体関節の中でも特に、首は、脊髄、動脈、気道等、生命維持に関わる部分の集まる非常にデリケートな部位なので、充分な安全を確保して、負担をかけないようにする必要があり、可動式首サポータの動作制御には、高い精度と信頼性とが求められる。また、首以外の部位であっても、程度の差はあるが、高い精度と信頼性が求められることには変わりない。

【特許文献1】特開2001-133300号公報
【特許文献2】特開2001-165268号公報
【特許文献3】特開2001-166676号公報
【発明の開示】
【発明が解決しようとする課題】
【0005】
このような福祉機器は、使用する人の状態に柔軟に適応した動作制御を行うことが好ましい。なぜなら、使用する人によって障害等の程度は異なり、また同じ人であっても、
障害等の状態は常に変化するので、適切な支援動作を実現するためには、使用する人の状態に柔軟に適応することが求められているからである。
【0006】
しかし、従来の制御技術の多くは、主にプラスチックなどの石油化学製品を生産する
化学工場におけるプロセスシステムの制御や、工業用ロボットの制御など、人の介在しない機械系の中で用いられてきたものであって、人体を対象とする福祉機器のように、動作制御に高い柔軟性や信頼性を必要とする機器に、そのまま利用することはできない。
【0007】
化学プロセス制御系などでは、比例・積分・微分制御、いわゆるPID(Proportinal Integral Differential)制御手法が広く用いられている。これは、PIDゲインのもつ物理的意味が明確であり、制御構造が比較的簡単であることなどによるものである。しかし、制御性能に大きな影響を与えるPIDゲインの調整法については、通常、非線形性を有するシステムに柔軟に適応させることはできなかった。すなわち、非線形なシステムの制御については、動作点近傍での線形近似システムを求め、それに対して線形フィードバック制御を使用して、PIDゲインを決定することが一般的であるが、この手法では制御性能に限界があるうえ、制御対象の特性変化には適応させることが難しい。したがって、これら従来の制御技術では、人体を対象とする福祉機器のように、個人差や経時変化に柔軟に適応すべき機器の制御を満足に行うことはできなかった。
【0008】
本発明は、前記の問題点に鑑みてなされたものであり、その目的は、対象となる人体の個体差や経時変化に柔軟に適応し、高い精度と信頼性とを実現する体関節サポータを提供することにある。
【課題を解決するための手段】
【0009】
本発明に係る体関節サポータは、上記課題を解決するために、使用者の身体動作をサポートする体関節サポータであって、外圧により変形可能な内部材とその内部材の外周囲を覆う空気膜を備える空気膜構造体を備えている。

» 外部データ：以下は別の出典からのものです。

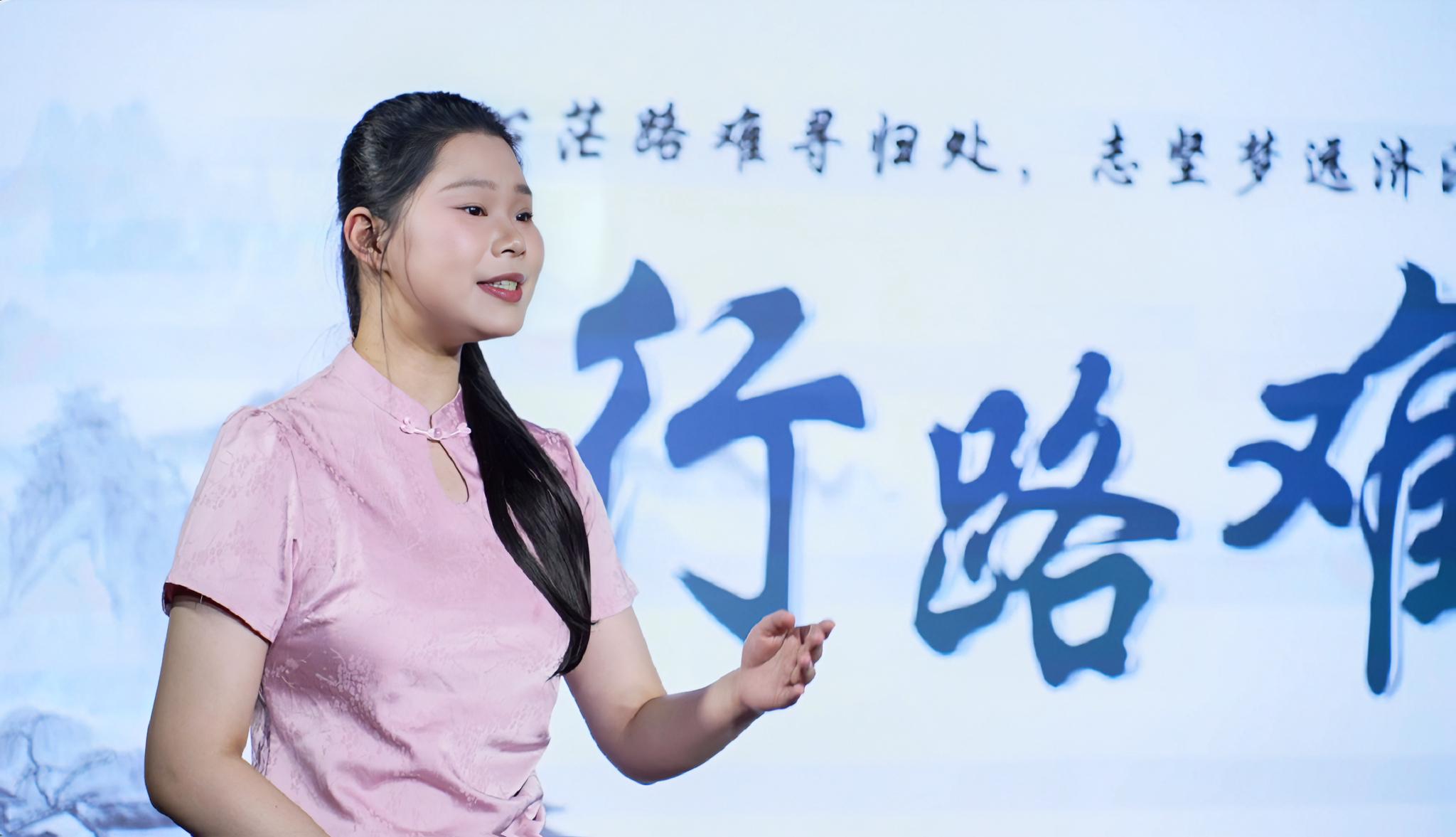 《行路難(其一)》是壯志未酬的悲歌,亦是堅韌不拔的頌曲。參賽選手王正宜以情釋文,引領著觀眾走進李白的內心世界,感受他從歡樂到郁結,從壯志凌云到彷徨掙扎,再到堅定信念,以“長風破浪”之志,誓要“濟滄海”的心路歷程,見證這位謫仙人“心茫路難尋歸處,志堅夢遠濟滄海”的執著與不屈,并從中汲取力量,勇往直前。

上記構成空気膜構造体には、上記空気膜の内部へ送排出される空気の量を調節する電磁弁と、
上記空気膜の空気圧を取得する圧力センサと、上記内部材の変位量を光量の変位量として取得する光センサと、上記電磁弁を制御する体関節サポータ制御部が接続されている。ここで、上記体関節サポータ制御部は、上記空気圧と前記光量の変位に基づき、前記電磁弁による空気の送排出の調節制御をするようにしている。
【0010】
また、本発明に係る体関節サポータでは、上記体関節サポータ制御部による上記電磁弁の調節制御に適応学習型制御を用いる。
【0011】
また、本発明に係る体関節サポータでは、上記体関節サポータ制御部による前記電磁弁の調節制御に、小脳演算モデルを利用することで、上記適応学習型制御の制御パラメータを決定している。
【発明の効果】
【0012】
以上のとおり、本発明に係る体関節サポータによれば、比較的簡単な制御構造によって、安定した制御を実現すると共に、システムの非線形性にかかわらず、利用者の個人差や経時変化に柔軟に対応することができるという効果を奏する。
【発明を実施するための最良の形態】
【0013】
〔1.システムの概観〕
本発明の一実施形態に係る体関節サポータを含むシステムの概観を図1、図2を参照して説明する。
【0014】
体関節サポータシステムは以下の部位により構成されている。使用者の意思を入力する入力機器であるユーザ意思取得部100。なお、本実施の例では眼鏡形状の視線入力装置を使用している。使用者の身体に装着する、体関節サポータ200。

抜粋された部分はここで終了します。